Cracked & dislodged air cell

BuChix

Chirping
Jan 22, 2019
42
65
52

Got some shipped eggs in the mail today. All except this one look fine. This one not only has a bunch of very fine cracks (I could not tell by looking at the egg in normal lighting but it became very apparent when candled. It is not oozing). The air cell completely goes from one end to the other, and all around. Any hope for it, or should I toss it?
 
This is a very common problem with shipped eggs—this is just a little more severe. What you need to do is let the eggs rest for a day or two. With the egg you aren’t sure about, make sure the point is down so the air cell can (maybe) settle again. Only then would I decide to throw it away.
 
Is it a rare breed or expensive egg? If it is a slightly cheaper egg I would toss it, as not to risk any bacteria spread to the other eggs. However if it is a bird that could potentially be helpful to building the species population or increasing the quality of a breed then I would leave it to settle for a couple of days and see if the air cell settles.
 
Is it a rare breed or expensive egg? If it is a slightly cheaper egg I would toss it, as not to risk any bacteria spread to the other eggs. However if it is a bird that could potentially be helpful to building the species population or increasing the quality of a breed then I would leave it to settle for a couple of days and see if the air cell settles.
Feather Hearts is right. This is what I would do anyways. The egg appeared porous, and you also said it had hairline cracks. If the egg were to ooze during incubation from being bad, it may affect other embryos due to rapid bacteria growth.
 
It was an expensive egg but it was also one of 12. It's from a best of breed silkie. I don't want to compromise the others since I'm incubating other eggs in the same incubator.

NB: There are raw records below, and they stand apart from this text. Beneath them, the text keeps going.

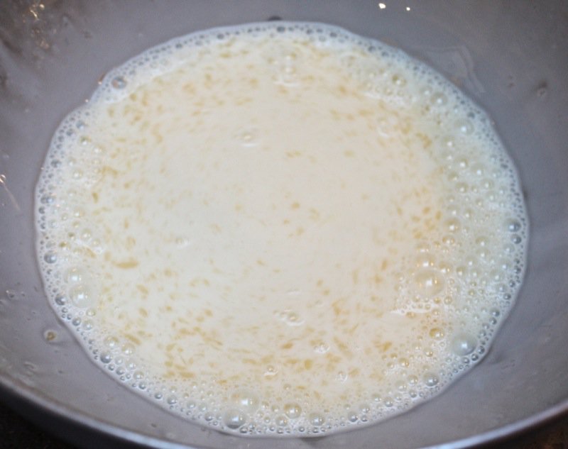 Now the egg mixture is tempered and then added to the pan with the hot juices.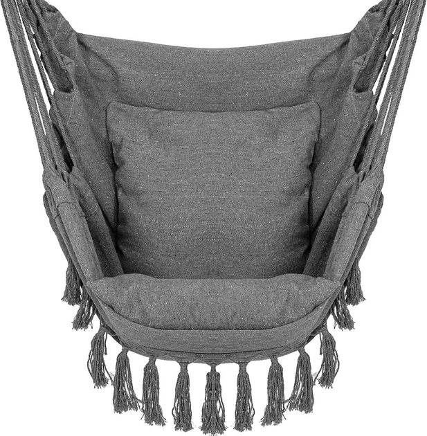 Підвісне крісло-гойдалка Springos HM060 — це стильне та комфортне місце для відпочинку, яке поєднує естетику бохо та практичність бразильського гамака. Виготовлене з м’якої та міцної суміші бавовни (65%) і поліестеру (35%), воно забезпечує приємні тактильні відчуття та довговічність, а дерев’яна розпірка довжиною 100 см зі спеціальними пазами гарантує стабільність і безпечне кріплення мотузок. Сірий колір і декоративна бахрома 15 см роблять гамак стильним елементом інтер’єру чи садового простору, а дві подушки 45×45 см додають ще більше комфорту. Крісло витримує навантаження до 150 кг, має бічну кишеню для дрібниць і регульовані бічні шнури довжиною від 30 до 70 см, що дозволяє легко налаштувати висоту підвішування. Завдяки розмірам сидіння 100×126 см та міцному дерев’яному каркасу це крісло-гойдалка стане ідеальним місцем для релаксу вдома, на балконі, терасі чи в саду.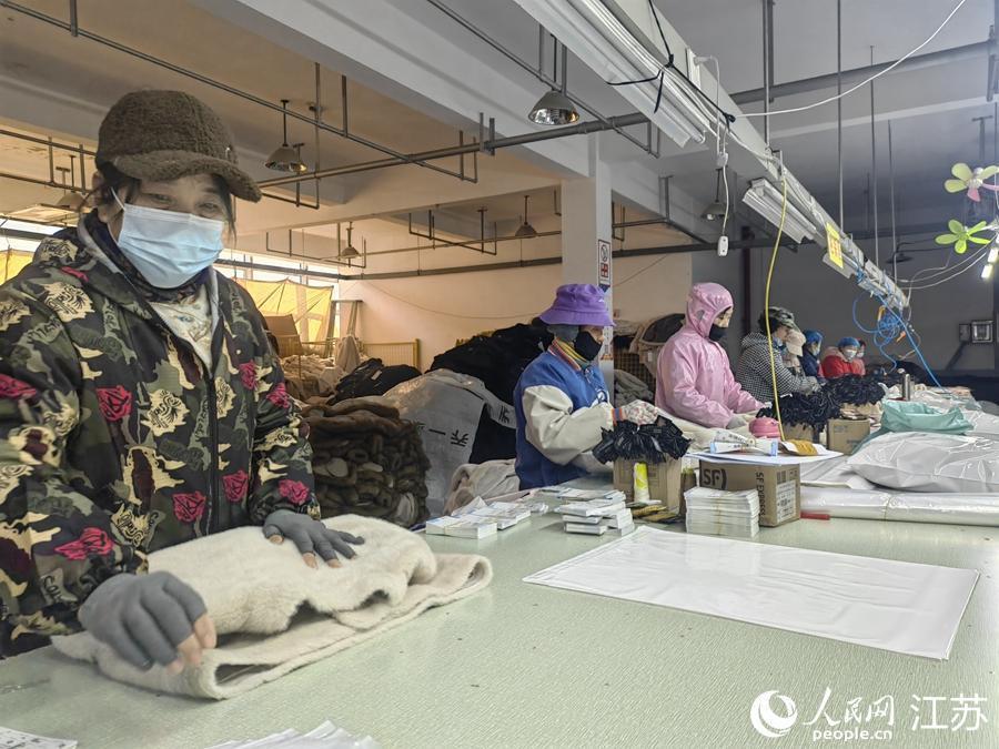 工人打包环保皮草产品。 人民网记者 张玉峰摄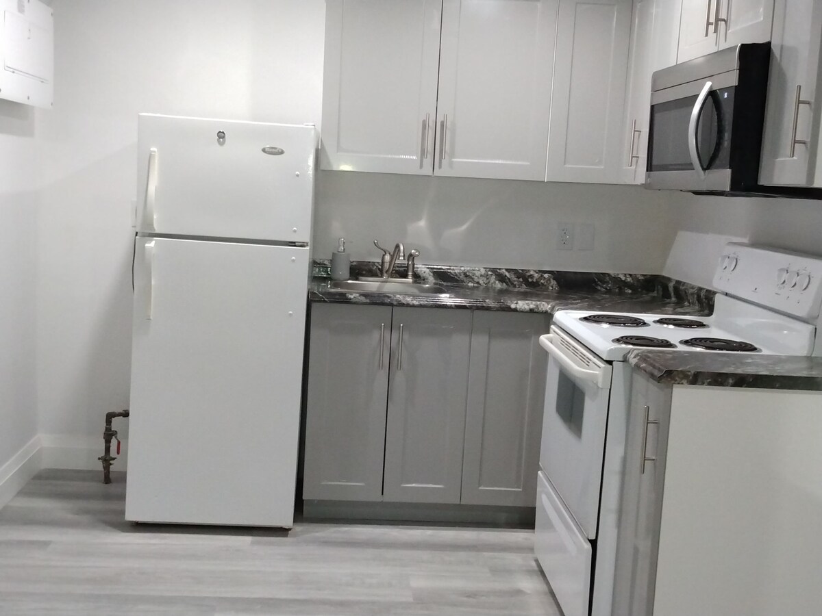Profitez de la beauté de ce sous-sol récemment rénové avec entrée séparée et parking gratuit. à seulement 2 minutes du centre commercial et de Walmart, à 5 minutes du centre-ville, à 55 minutes de la plage de Grand Bend, à 30 minutes de Kitchener/Waterloo. Arrêt de bus à deux pas. Cuisine avec tout ce dont vous avez besoin pour un excellent repas. lave-linge et sèche-linge sont réservés à votre usage personnel et peuvent être utilisés pour un supplément (5 $ en espèces au total) Très lumineux avec d'énormes fenêtres dans la cuisine et la chambre. Bureau d'ordinateur avec lit queen size

If that one looked porous, I've got another one that looks waaaay more porous than that one. I wonder if I should cull it even if it's on day 14 and developing so far? I don't want to compromise 28 eggs if one or two are going to introduce bacteria.
 
I had an egg with minor cracks but intact inner membrane. That one lost moisture more quickly than the others (even with the cracks taped) but it hatched, so I wouldn't worry about it being porous except keep in mind that it may require different humidity from the rest.

That being said, the egg also looks very old as the air cell seems very large. 4 of 9 of my dislodged air cell eggs quit within 8 days and those 4 had very badly dislodged air cells like this one.

I'd say you don't have to worry about exploders as long as you check the eggs often enough, but I wouldn't place any hope on it all things considered.